Moja odpowiedź na trawestację pewnego wierszyka Witwickiego, sprzed około roku [z komentarzy wygrzebana, z uwagi na sezon ogórkowy i niedomiar zdarzeń słownych.]
Menda lubi w pachwinie,
Weszka na łepetynie,
Glista ludzka w jelitku,
Lecz liszajec, liszajec!
Z uciechą na lewej nóżce
Lubi i na prawej nóżce,
Lubi gdzie i niewidoczny,
I gdzie bardzo jest widoczny
Gdziekolwiek on wykwitnie,
Uroda nie zakwitnie,
Gdziekolwiek on wykwitnie
Uroda nie zakwitnie.
Poleca się podśpiewywanie do melodii autorstwa F. F. Chopina.
ordynatowa Podtworecka:
„Po prostu te osoby, które mnie negatywnie odbierają, to po prostu
wydaje mi się, że po prostu mało w życiu widziały.”

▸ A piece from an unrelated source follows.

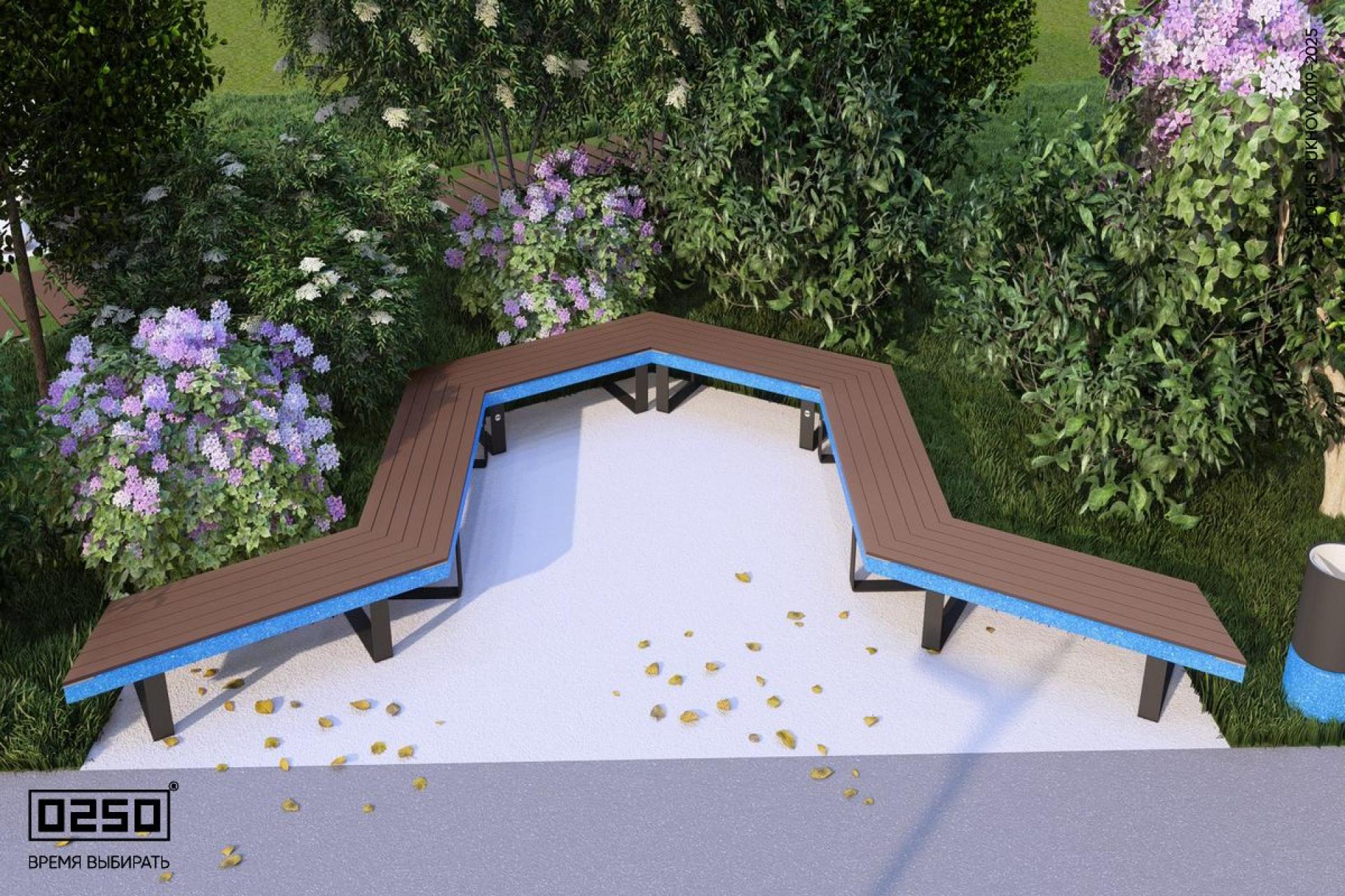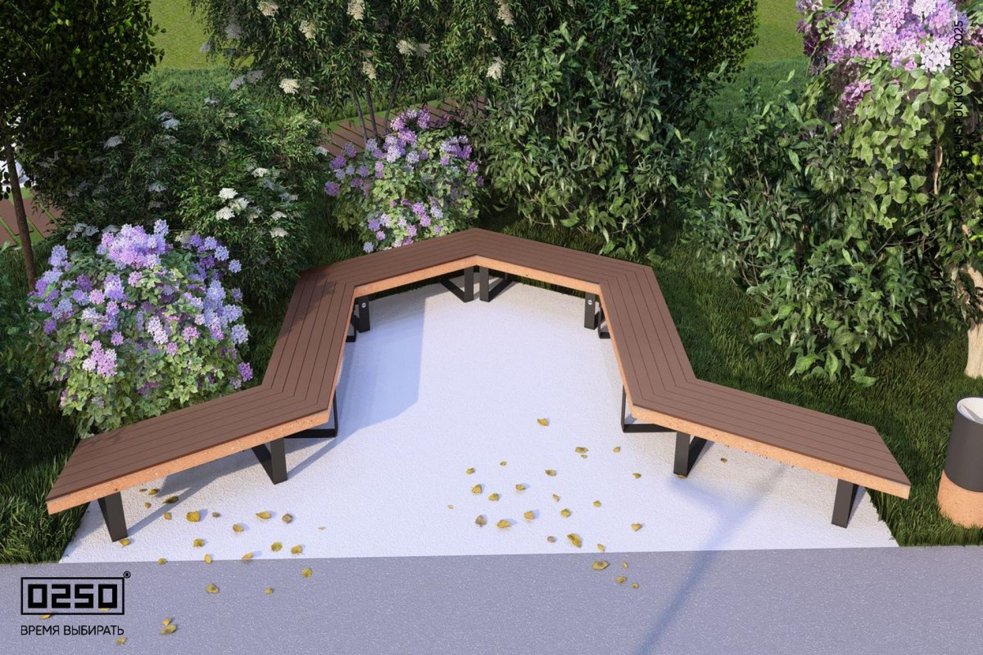 - Описание: Сверху напоминает букву u. Периодические модульные скамейки в форме гексагональной волны сочетающие геометрию шестиугольников с волнообразными формами (состоит из повторяющихся трехугловых скамеек). Уличная для благоустройства общественных мест. Опора на ножках из полимеризированного алюминия.

to cytat z kochanka joli rutowicz, tego geja-chomika zatrzasnietego w
solarium i z zatrzasnietym perdyhrolem na kudlach. ladne, nie?
hrabina Roletti:
„Etiologia spontanicznej perhydrolizy owłosienia u mężczyzn ukrywających orientację seksualną – niskie stężenie testosteronu czy wysoki poziom kortyzolu? Studium kliniczno-społeczne.”
ordynatowa Podtworecka:
„Perhydrogenna hipotrichoza jako symptom postepujacej holoprozencefalii a homoerotyzm dermatomorfopatologiczny w ineditach Virginii Wolf w swietle choleangiopankreatografii wstecznej”.

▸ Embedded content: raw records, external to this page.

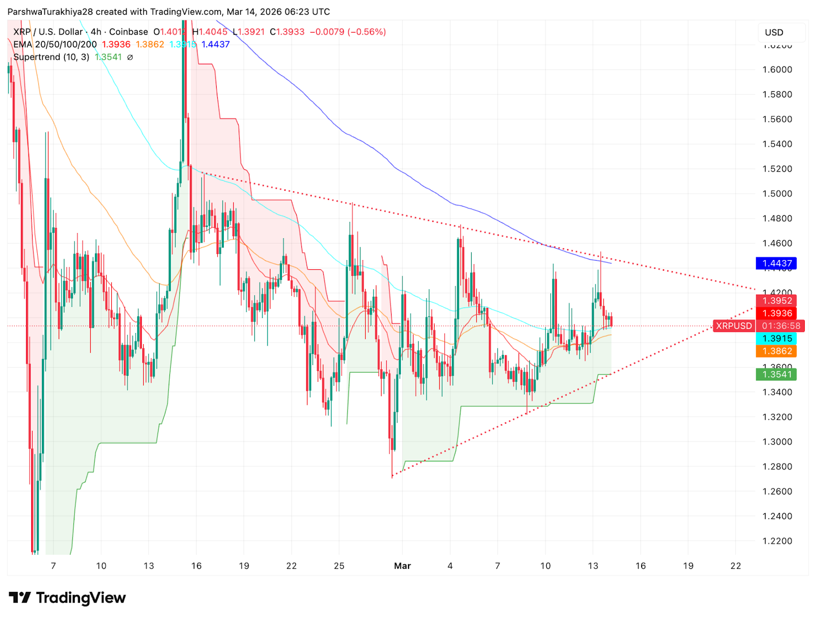 The 200-day EMA at $1.4438 is the level that matters most. XRP has not closed a 4-hour candle above it since mid-February. The triangle is compressing toward resolution, and whichever direction it breaks will likely be amplified by the EMA cluster sitting directly at the breakout zone.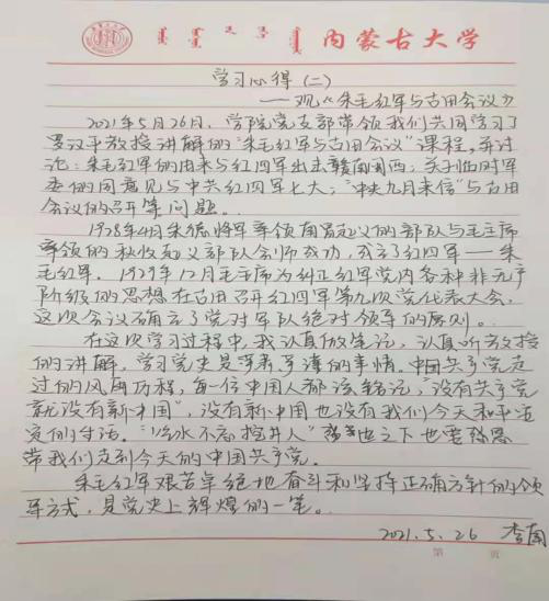 为庆祝中国共产党成立100周年,深入学习贯彻习近平新时代中国特色社会主义思想和党的十九大精神,从党的百年伟大奋斗历程中汲取继续前进的智慧和力量,我院本科生党支部积极响应号召,开展了线下集中学习党史学习教育。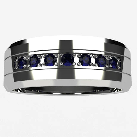 Alliance de mariage qui ravira un homme recherchant une bague large et massive au style moderne et coloré. Il appréciera les pierres précieuses de saphir bleu qui tranche sur le design épuré de cette alliance.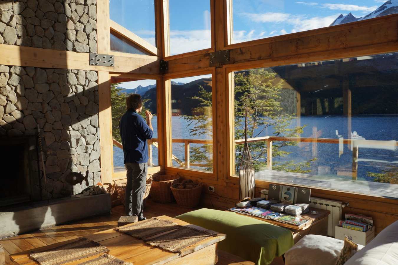 Aguas Arriba Lodge set deep in the spectacular heart of Patagonia, overlooks a lake and hanging glacier. With wonderful hosting, just six rooms and accessible only by boat or on foot, it makes a superb base for wilderness hiking, fishing or relaxing.

– Toż to moja miła powinowata, Sra. Carmencita Lues de Méndez y Ropa! Jakżeż zdrowie? – Podpytywała, skandując, doña Simoña Influenza de Vargas, podszczypując znikomo wyrzut, co na jej pełne usty wychynął bąbliście, niby skwarka na krągłym zakwitająca pierogu. – Czy lepiej? Tuszę, iż nasz dochtór Juyoza zapisał jakie serum lubo nasiadówki, a skutek ich już bliski a ostateczny?
Z przykrością muszę panią poinformować, że cierpi pani na gangrenę martwiczą włosów spowodowaną przez pasożyta z gatunku ziarenkowiec wykisły. Musimy pani amputować fryzurę i wdrożyć leczenie żarnowe celem zmielenia ziarenkowców na mąkę, z której będzie można potem poczynić frymuśne wypieki.
– Pani dochtór, coś mnie dolega. Zrobił mi się bolesny anakolut na lewej brzechwie. Czy to może być syntagma zakaźna?
– Zaleca się synestetyki. Jednak gdyby nie podziałały, polecam płukanie wyciągiem z synekdochy, jest troche gorzki, ale naprawdę pomaga. Na anakoluty, zeugmy i gluty.